A Judge has temporarily barred Herb Wesson from performing duties as Mark Ridley-Thomas’ appointed replacement on the L.A. City Council.

It’s just the latest plot twist in an unfortunate political drama that has been playing out since October, when Councilman Mark Ridley-Thomas was indicted on federal bribery charges and then suspended from the City Council.

Wesson has been serving in his stead since March.

But now, he too is barred from voting, from meeting with constituents and from introducing proposed ordinances.

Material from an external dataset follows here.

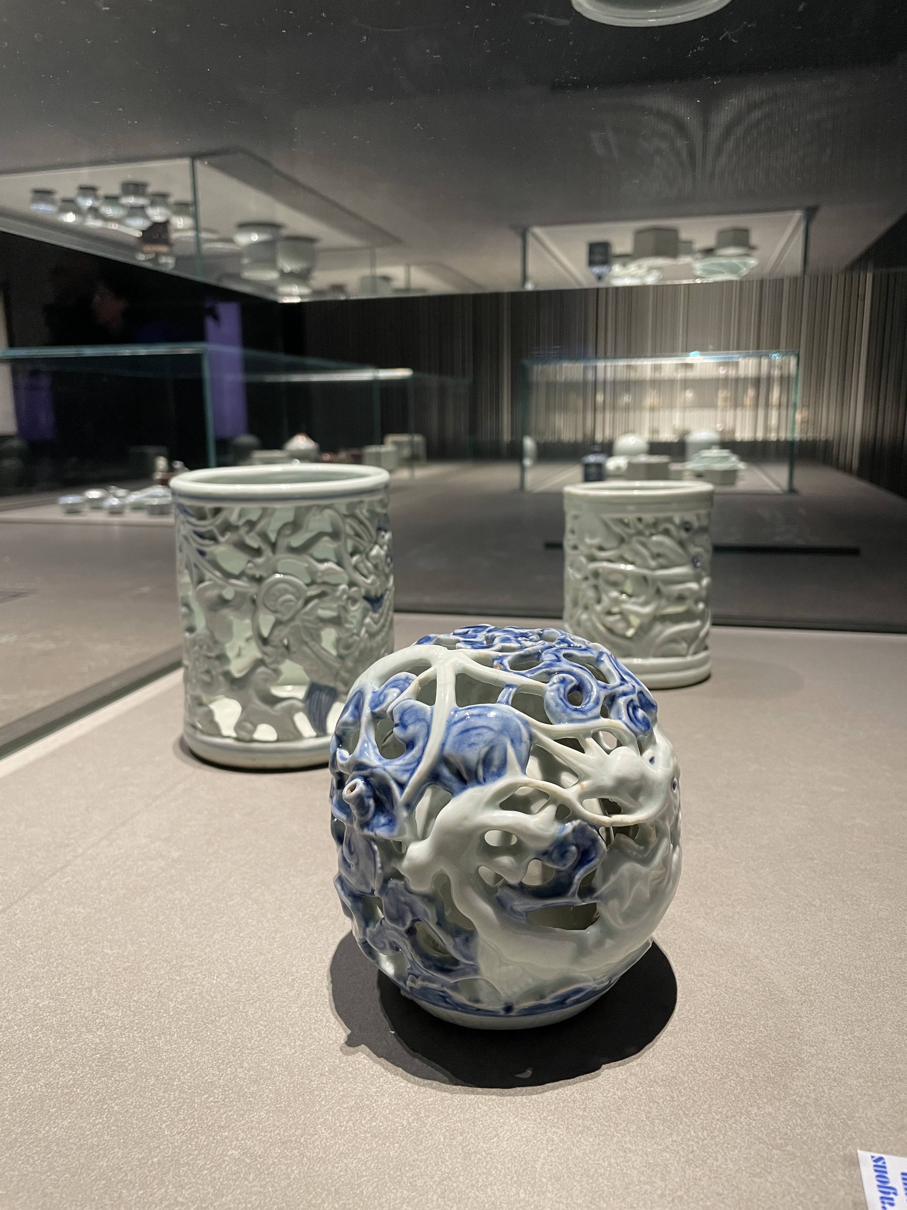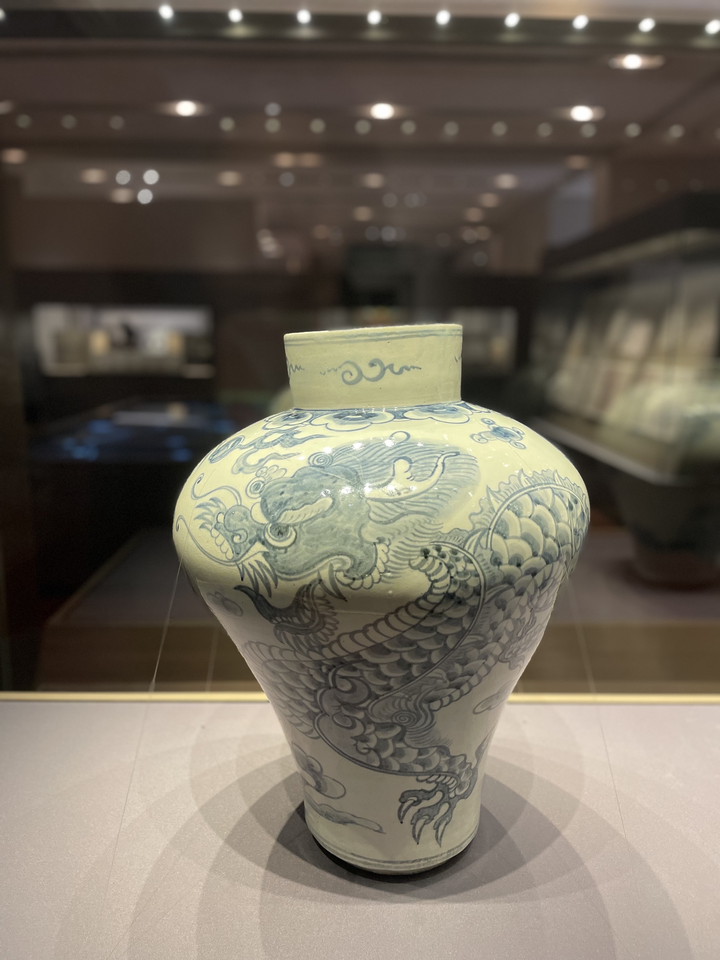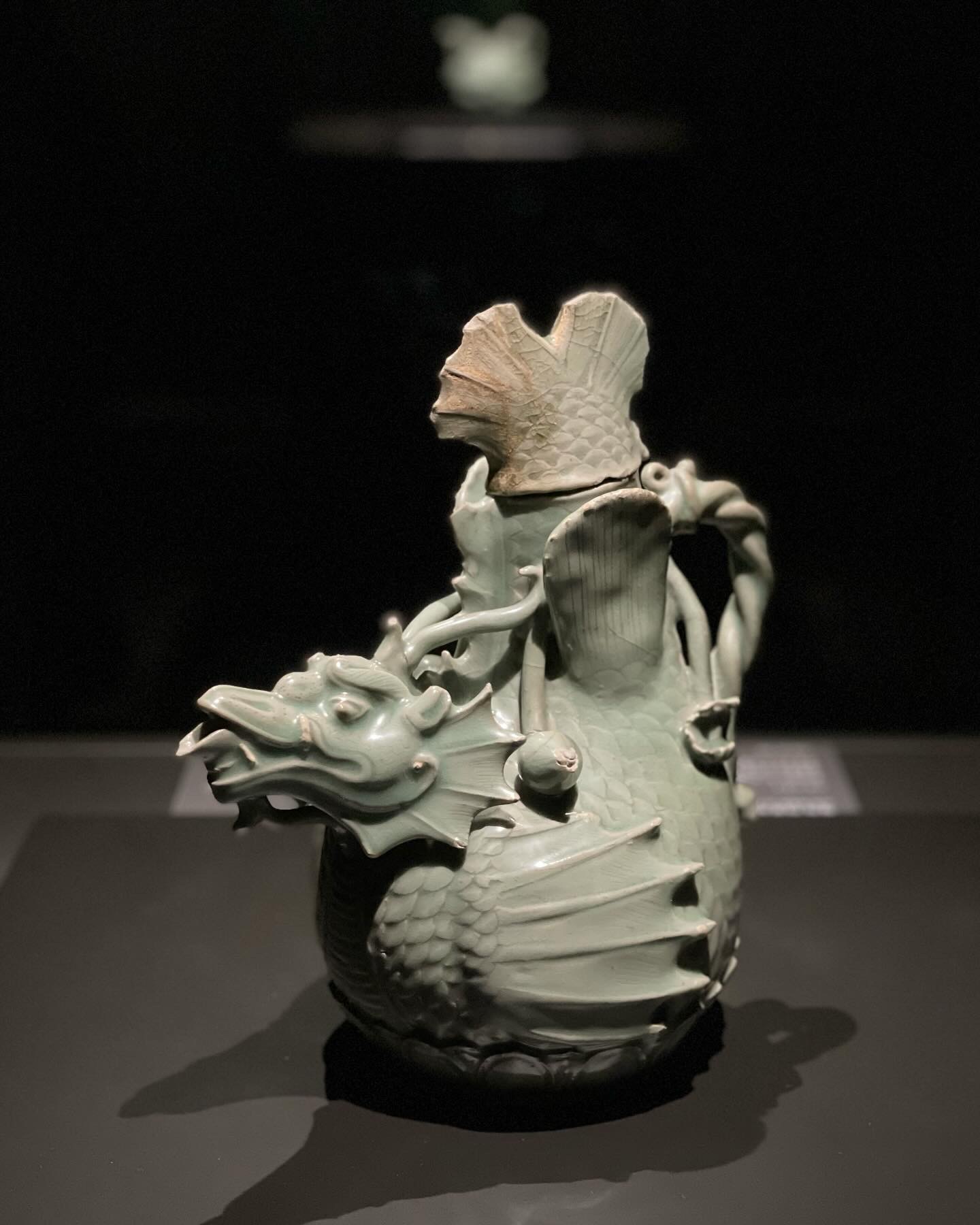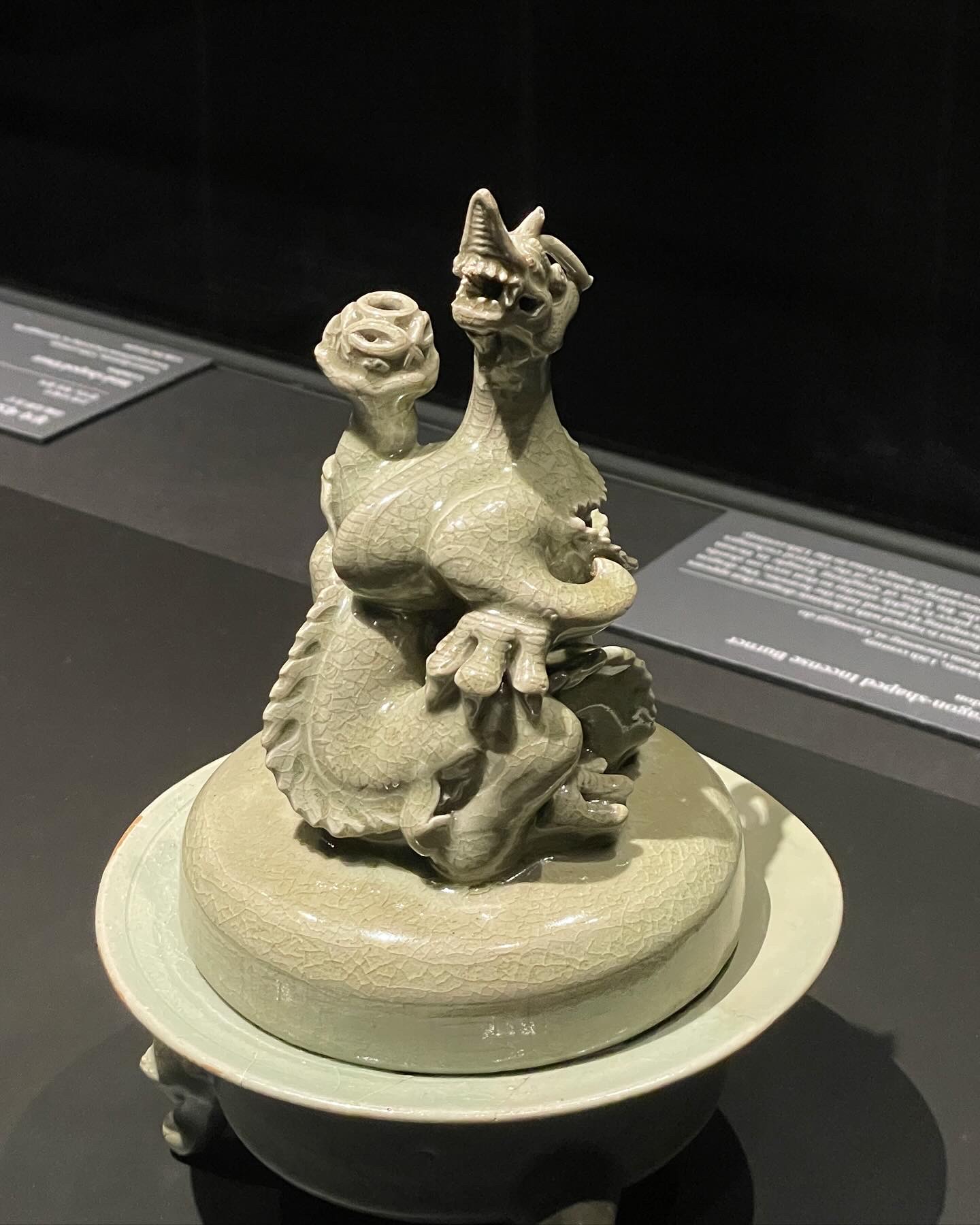 이날 가장 인상적이었던 구름용무늬 연적(벼루에 먹을 갈 때 쓸 물을 담아두는 그릇). 연적 바깥에 구름과 용을 조각했는데 용의 눈썹과 갈기, 비늘, 이빨까지 입체적으로 새겨 입체적이다. 푸른색도 다른 것보다 더 푸른 안료가 용의 푸른 눈동자를 표현해 장식품으로 아주 멋지다.

And that means, once again, the tenants of the Chesapeake Apartments — along with hundreds of thousands of other residents in the 10th District neighborhoods spanning South L.A. and Mid-City — have lost a desperately needed point person on the City Council.

“They’re already living in s— conditions,” Delgado lamented. “And then when they organize a solution, they hit barriers like this from the city, which should be doing the complete opposite and focusing on how to expedite what they need.”

Indeed, even by L.A.'s reputation for dysfunctional politics, this is bad. There’s plenty of blame to go around for it too.

Ultimately, though, it’s City Council President Nury Martinez who decided to make a bad situation worse in the 10th District, leading to infighting in the Black community, in particular.

She was the one who opened the door to Tuesday’s ruling by appointing Wesson to represent the district in the first place. And the rest of the City Council then walked through that door by approving him with a unanimous vote.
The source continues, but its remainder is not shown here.